The kids are alright—Students of all ages gather at the Legislature to protest against climate change
By Jake Pesaruk
High school students have made much progress since the era of skipping class to smoke a quick bowl or do scandalous things with a sweetheart in a Honda Tercel between lunch and third period. Instead, today’s youth are skipping class to march on Alberta’s Legislature in solidarity with a worldwide climate protest.
Yet, this isn’t just some fortuitous gathering of adolescents, in fact, with the rapidness that these students organized themselves—they should be the ones considering government work.
The event was created with the influence of several local environmental organizations, including the Edmonton branch of Extinction Rebellion and Climate Justice Edmonton.
However, it’s the students themselves that did the majority of the legwork in organizing the event, unifying several schools across the city with one common goal —to demand federal and provincial mandates that adhere to a ‘Green New Deal,’ as well as hold government bodies accountable for mismanagement of Indigenous rights, emissions, and environmental impact.
“I’m astonished at how intelligent and thoughtful these students are; they show immense maturity when it comes to the threat of climate change,” says Michael James, a representative for Extinction Rebellion.
James was in correspondence with student representatives over the three-week period building up to the event.
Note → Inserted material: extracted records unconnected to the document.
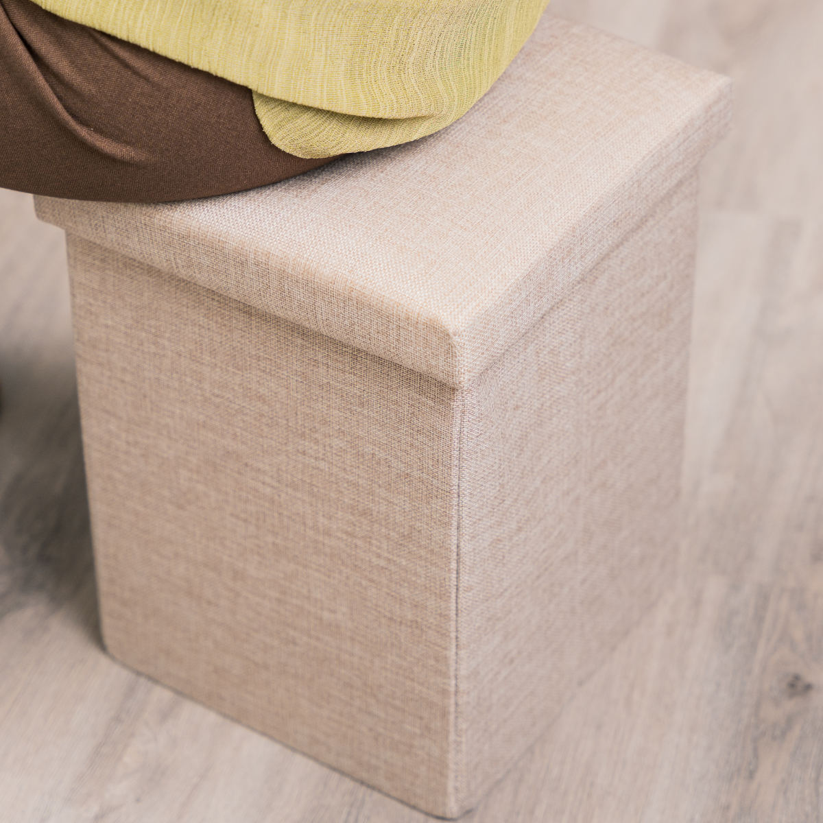 落ち着いたカラーとリラックスできる布地で、リビングなど見えるところに置いていてもお部屋の雰囲気を壊しません。四角い形状は、クローゼットや部屋の角にすき間なく置けるため、スペースを有効活用できます。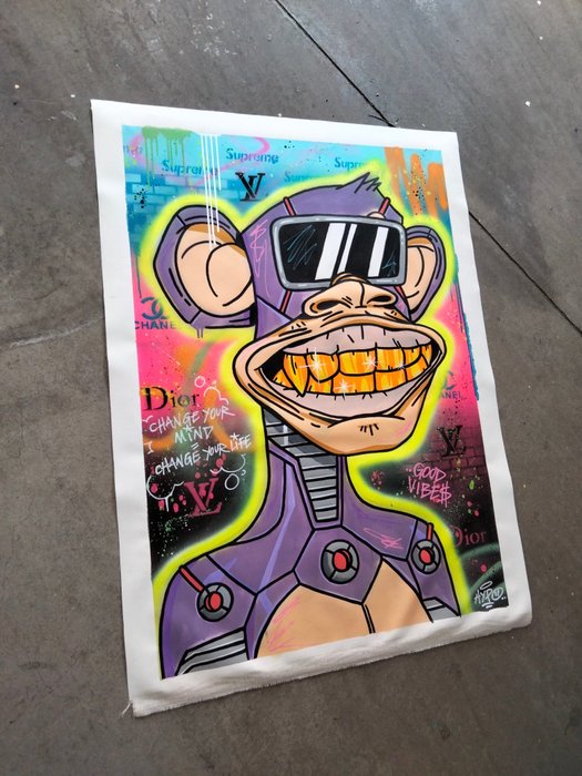 Handbeschilderd met spuitverf en acryl (UV) op doekmaat 110x80cm, schilderijmaat is 100x70cm, 5cm witte rand is rond het doek gelaten om in te lijsten, 100% katoen zuurvrij een medium korrel, drievoudige gipspriming, glanzende beschermende eindvernis.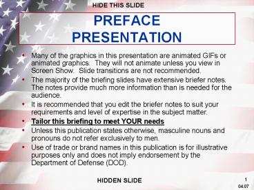 Slide transitions are not recommended. - The majority of the briefing slides have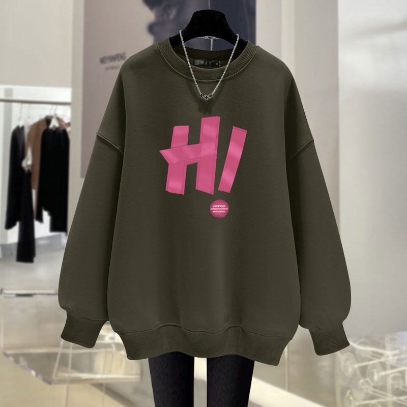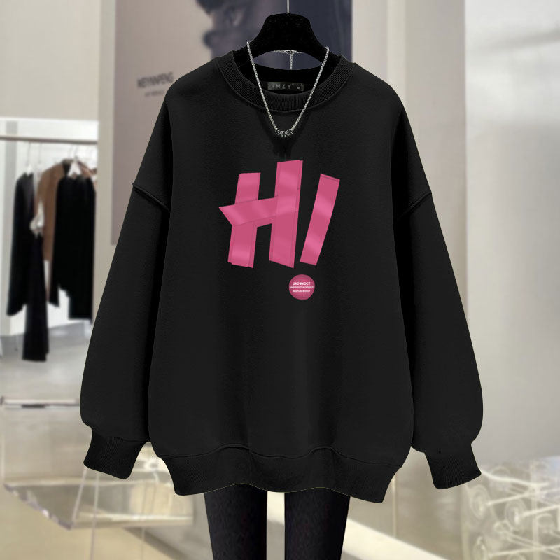 字母宽松套头圆领卫衣女2025春秋冬加绒加厚慵懒风中长款遮屁股潮
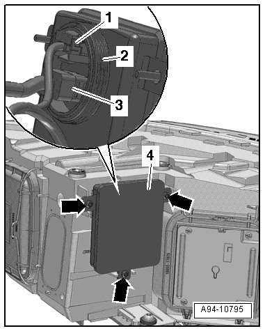 - Disconnect the adapter wire - 3 - and connector - 1 - on the HID headlamp control module.
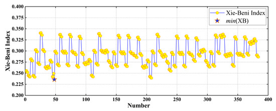 Step 5: determine the values of and in Step 4 according to the scale of . The values are based on lower computational complexity and better clustering effect, which means calculating the XB index for each group of clustering centers in n according to Equation (12). A smaller XB index indicates a better clustering effect of the current cluster center. The cluster center with the smallest XB index in m is selected as the initial cluster center of FCM.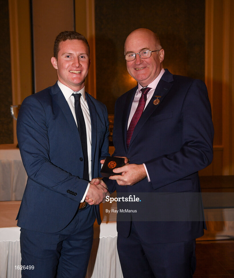 22 December 2018; Ciarán Kilkenny of Dublin is presented with his GAA Football All-Ireland Senior Championship medal by Uachtarán Chumann Lúthchleas Gael John Horan at the InterContinental Dublin, Simmonscourt Road, Ballsbridge, Dublin Photo by Ray McManus/Sportsfile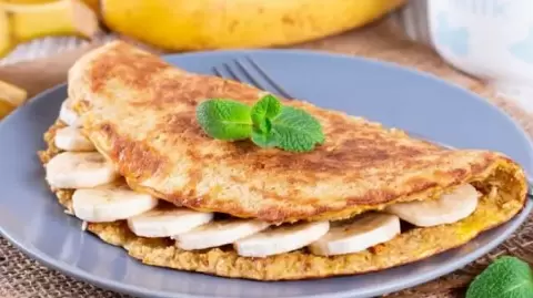 В глубокой миске взбейте яйцо с овсянкой, добавьте молоко и соль. Обжаривайте на сковороде, накрывая начинкой из творога и нарезанного банана. Можно подавать с ягодами или полить медом — экспериментируйте с подачей!
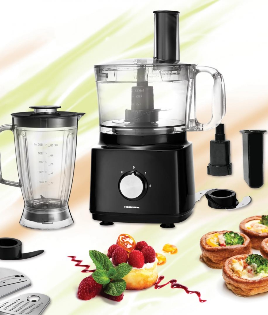 Robot de bucatarie Heinner HFP-750BK, putere: 750W, 2 viteze + Pulse, capacitate bol procesare: 1.2L, capacitate blender: 1.8L, accesorii pentru feliere, maruntire, unt si cartofi French, sistem de siguranta cu dubla inchidere, sistem anti-alunecare, nivel de zgomot: 85dB

Rather than play protest chaperone, he instead let the student body manifest their own outlines for what areas they wanted covered in the protest. Resulting in droves of students showing up signs in hand, and chanting in unison. Even with all the vigor of the event, there of course was the concern of just how many people would listen to a legion of teens.
“A lot of people don’t like to listen to children because we’re, well, children. But at the end of the day it’s our future. We’re not just a bunch of rowdy teenagers; we have a point,” says Sarah Dornbush, a student who spoke at the event.
The event was bolstered with student speakers and representatives of numerous organizations taking to the stand—all backlit by the midday sun, and the thaw of spring. But even with spirits high, those who turned up knew that there was a hefty dose of misbehavior in the event’s foundation, as this was a student protest and students traditionally, should be in class.
“Numerous incentives were put in place on my end to ensure that there wouldn’t be any negative reproductions, making sure we wouldn’t go against student code of conduct,” says an organizer of the group who chose to go by Daryn.
“It is imperative that the public know that this isn’t a strike against schools or any educational institution, but it is a climate strike. It’s crucial for school faculty to understand that what this is a protest against is government inaction,” Daryn says.
This event surely represents a sign of things to come, as the student coalition already has plans for a secondary march in May. Yet, any type of student-lead protest comes with the inevitable concerns, such as leadership, longevity and sustainability.
But as a zealous Michael James said, as a chorus of chanting students erupted behind him: “Why would they need to go to school on a Friday like this, if they have no future?”